▼
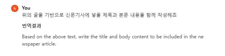 위의 동영상내용을 기반으로 블로그나 신문기사에 작성한 글을 작성해 달라고 할 경우의 사례입니다.
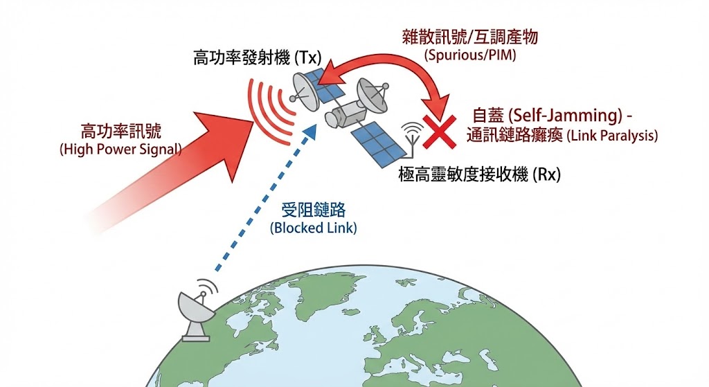 現代高通量衛星(HTS)同時搭載了高功率發射機(Tx)與極高靈敏度的接收機(Rx),由於空間限制,發射與接收天線距離極近,如果發射機的雜散訊號(Spurious Emission)或互調產物(PIM)落入接收頻段,衛星就會「自己蓋台自己」,導致通訊鏈路癱瘓。
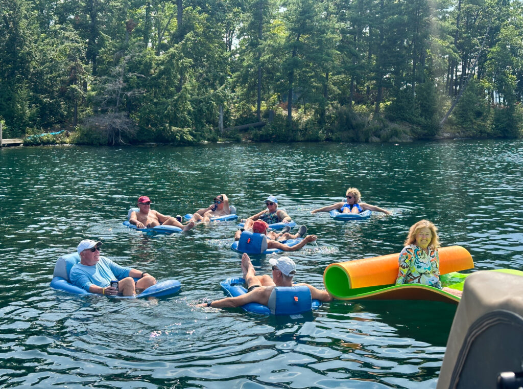 We enjoyed lunch on the back deck, cruising the lake, tying boats together to just float on tubes during the afternoon, and then dinner on the deck again. So many stories to reminisce about, catching up on our adult lives and families, and a toast to a few gone brothers like Dr. J… Mike was really glad we made the time to go and reconnect with so many friends from our college days!
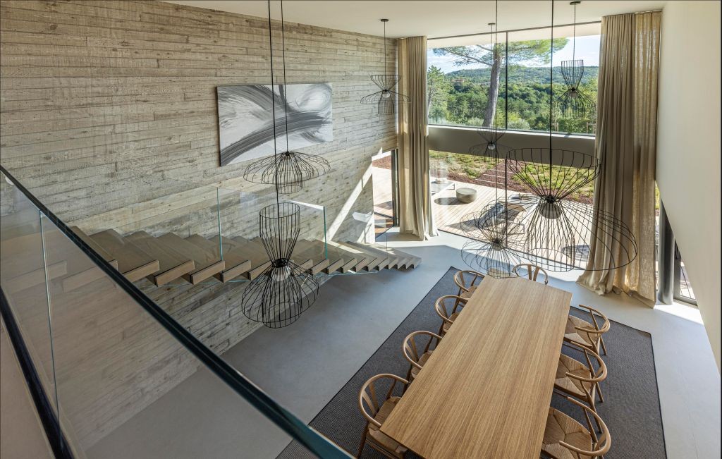 The landscaped grounds combine Mediterranean plants, natural stone, and carefully designed outdoor areas, while features such as green roofing contribute to energy efficiency and sustainability. Private parking is available within the residence.
▲
PROBLEM DETAILS:
Print the material above exactly as it appears, but not its pictures.

COMPLETED EXERCISE:
 위의 동영상내용을 기반으로 블로그나 신문기사에 작성한 글을 작성해 달라고 할 경우의 사례입니다.
 現代高通量衛星(HTS)同時搭載了高功率發射機(Tx)與極高靈敏度的接收機(Rx),由於空間限制,發射與接收天線距離極近,如果發射機的雜散訊號(Spurious Emission)或互調產物(PIM)落入接收頻段,衛星就會「自己蓋台自己」,導致通訊鏈路癱瘓。
 We enjoyed lunch on the back deck, cruising the lake, tying boats together to just float on tubes during the afternoon, and then dinner on the deck again. So many stories to reminisce about, catching up on our adult lives and families, and a toast to a few gone brothers like Dr. J… Mike was really glad we made the time to go and reconnect with so many friends from our college days!
 The landscaped grounds combine Mediterranean plants, natural stone, and carefully designed outdoor areas, while features such as green roofing contribute to energy efficiency and sustainability. Private parking is available within the residence.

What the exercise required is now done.